--- START ---
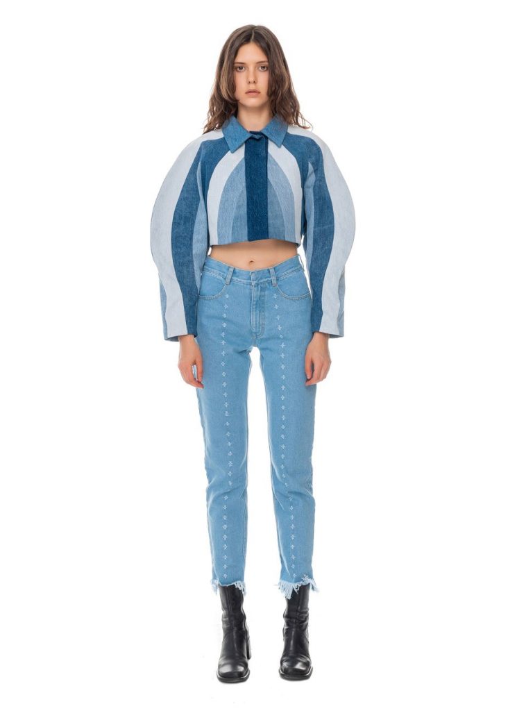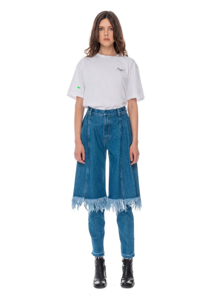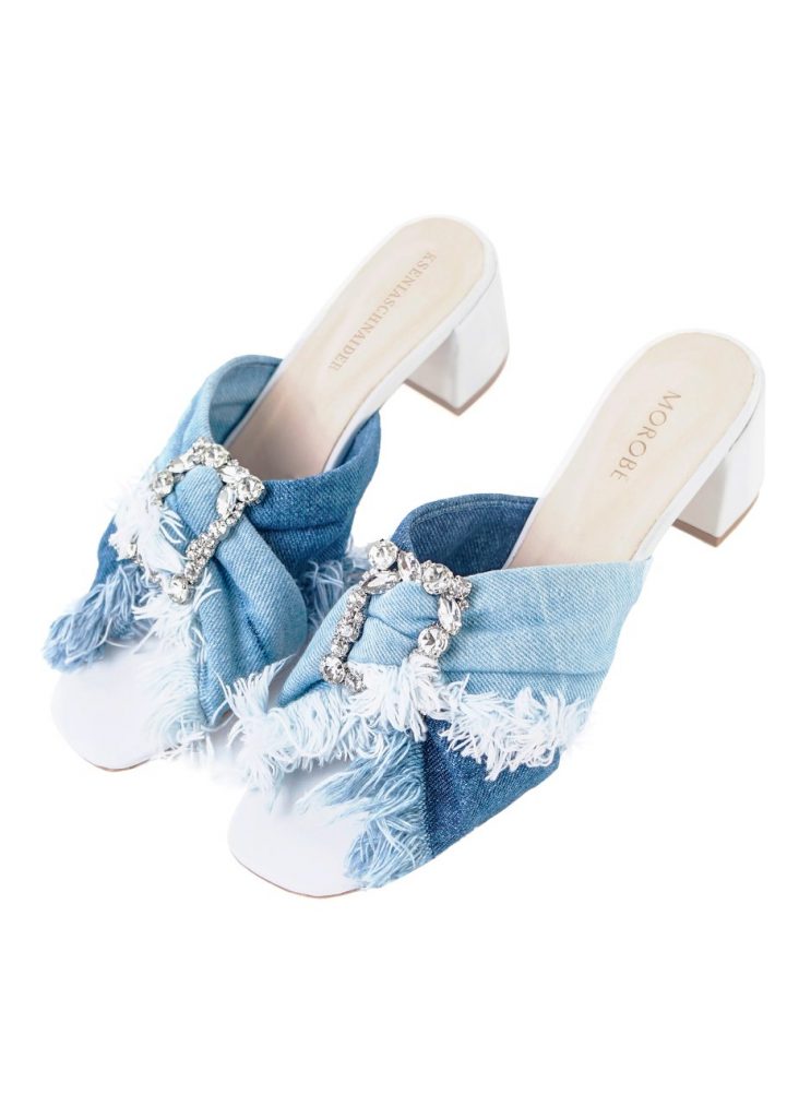 8. Denim Muli in Kseniaschnaider X Morobé Collapse. Niedrige Fersen und schneeweiße Fransen machen ein solches Modell unglaublich stilvoll!
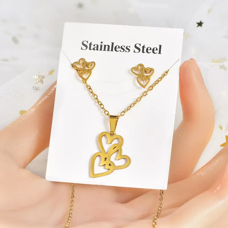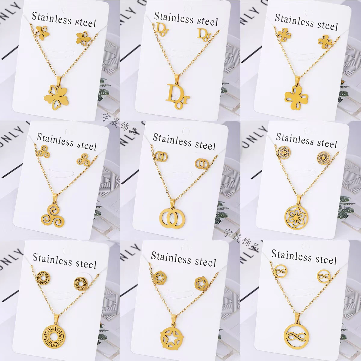 Designer 18K Gold Plated Stainless Steel Women's Trendy Earrings Necklace Set Link Chain Retro Geometric Heart Star Moon Design
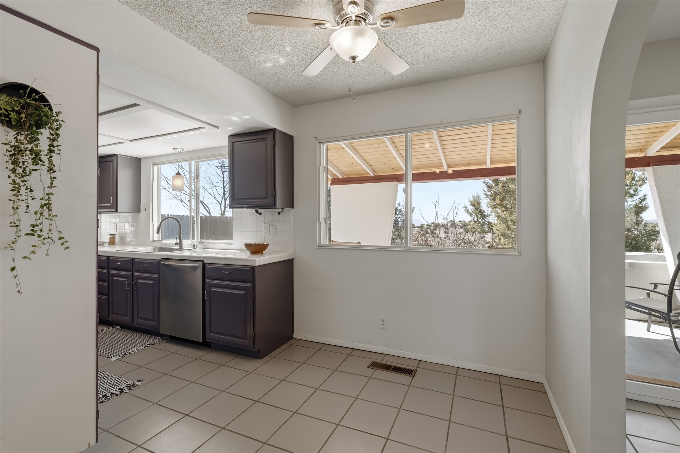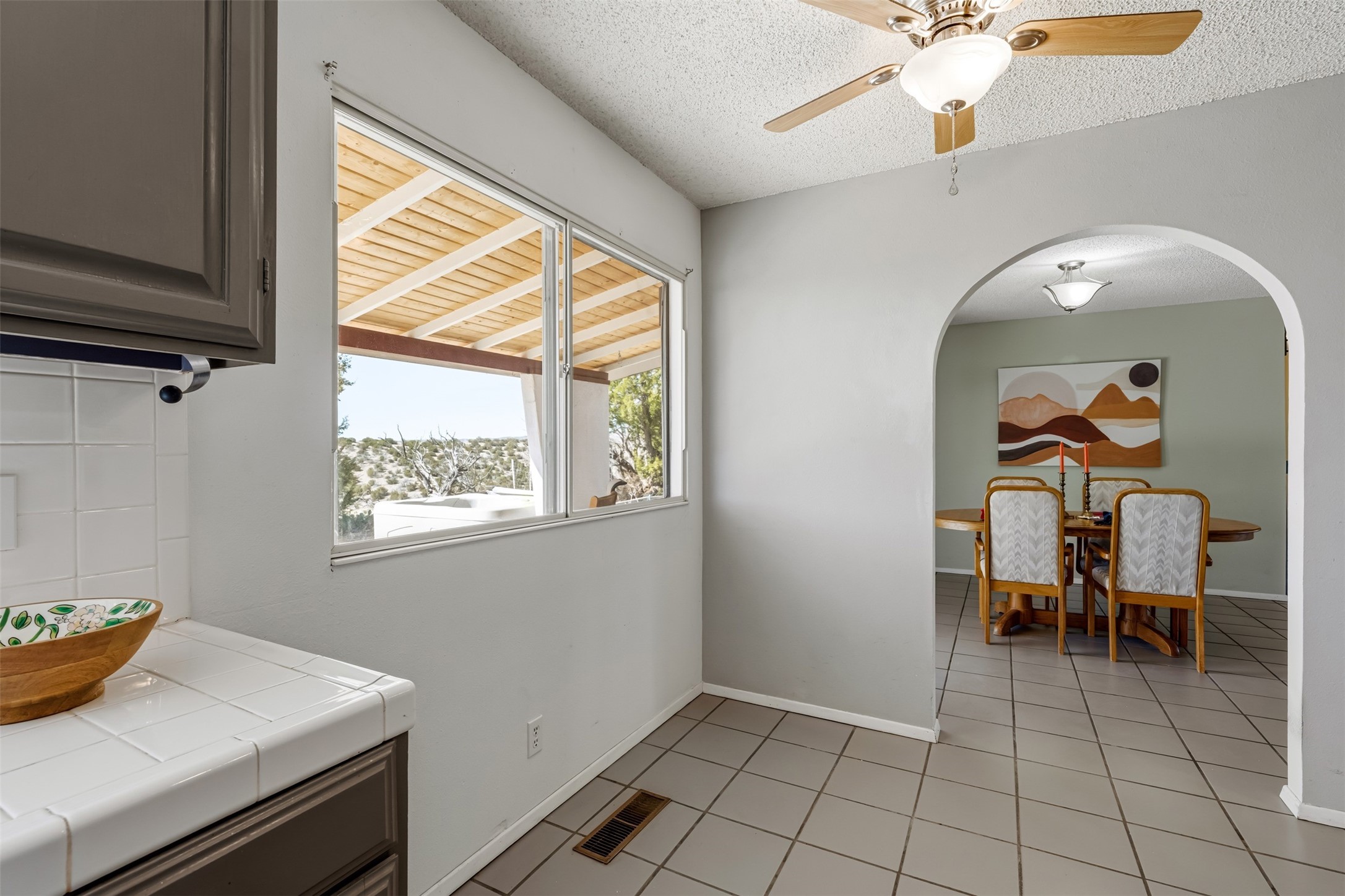 At 6445 Vooscane, the view is the headline. The backyard opens east toward the Sandia Mountains, where the landscape stretches across the Rio Grande valley in a wide, uninterrupted sweep of desert and sky. Morning light reaches the peaks first, and evenings bring the deep pink and purple hues the Sandias are known for.The move-in ready home offers approximately 1,250 square feet of comfortable, easy-to-maintain living space. Large windows frame the surrounding landscape, keeping the mountains present in everyday life. The scale is manageable yet comfortable, creating a home that feels easy to live in and connected to its remarkable natural setting.A covered rear portal provides a perfect place to take in the view--morning coffee, a quiet afternoon with a book, or dinner outside as the mountains shift color in the evening light. An adjacent hot tub, which conveys with the property, is the perfect place to unwind. Raised garden beds and a small gardening hutch add a practical outdoor touch.Cochiti Lake is a quiet, established community between Santa Fe and Albuquerque known for its open skies, dramatic scenery, and access to hiking, the lake, and nearby destinations like Tent Rocks and Bandelier National Monument.
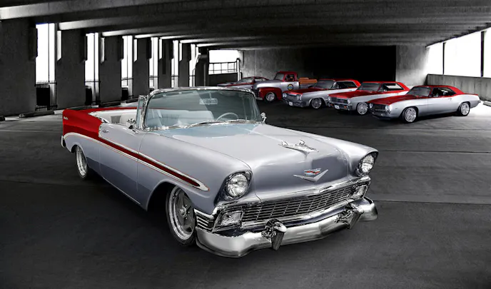 We, as well as many others, fell in love with the ’56 Chevy at SEMA. When we saw that this Bel Air and the other five resto-mods were all heading out to the Grand National Roadster Show on January 25-27 in Pomona, California, as part of Classic Industry’s 35th Anniversary celebration, we knew we had to share these beauties with you.
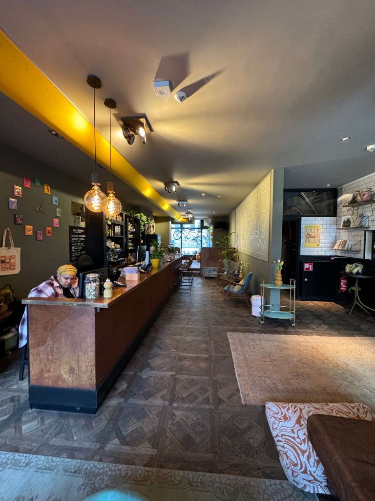 That afternoon we met up with one of our friends, Patrick, who was in the midst of his whirlwind European vacation. We were so excited! He was staying basically across the street from the Museumplein, at the Max Brown Hotel. We met him at his hotel after lunch. The Max Brown Hotel looks super trendy and cool, and really fit Patrick to a “T”. On a side note, there are several steep stairs you need to navigate to enter the hotel (though I did hear there was a side entrance with no stairs). I wouldn’t want to try to do that if I had a couple of glasses of wine in me 😁! But Patrick’s room was very hip, and it would be a hotel I would recommend for anybody (especially hipsters) coming to Amsterdam.
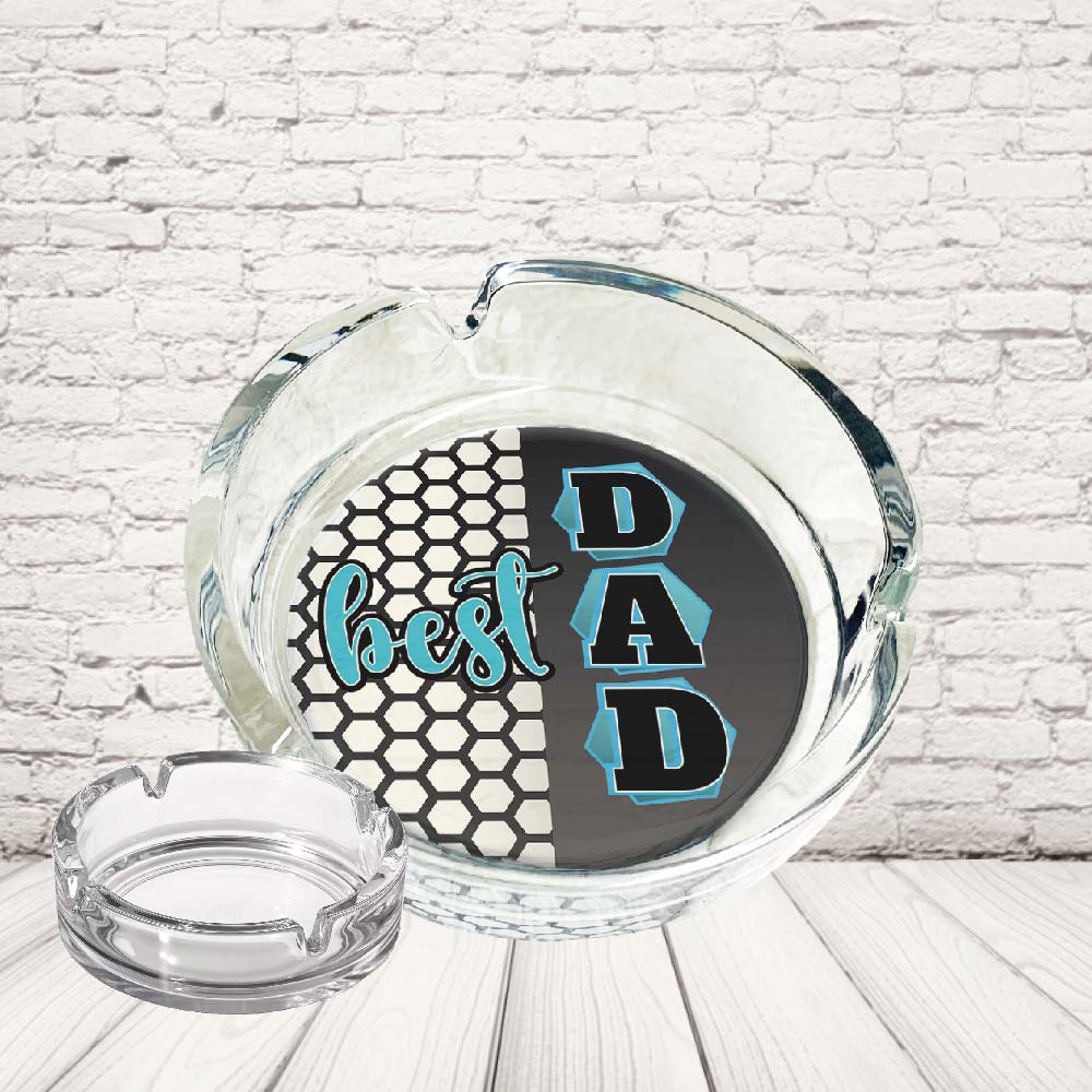 Posacenere da Tavolo in Vetro trasparente Per Interno ed Esterno Personalizzato con Nome “BEST DAD BLUE” Porta Cenere per Sigarette Ideale per Festa del Papà Uomo Marito Fidanzato
--- END ---
■ **Activity**: Would you repeat exactly, and only, the lines from the start of the records above through the line containing "Designer 18K Gold", with the pictures omitted?

■ **Response**:
 8. Denim Muli in Kseniaschnaider X Morobé Collapse. Niedrige Fersen und schneeweiße Fransen machen ein solches Modell unglaublich stilvoll!
 Designer 18K Gold Plated Stainless Steel Women's Trendy Earrings Necklace Set Link Chain Retro Geometric Heart Star Moon Design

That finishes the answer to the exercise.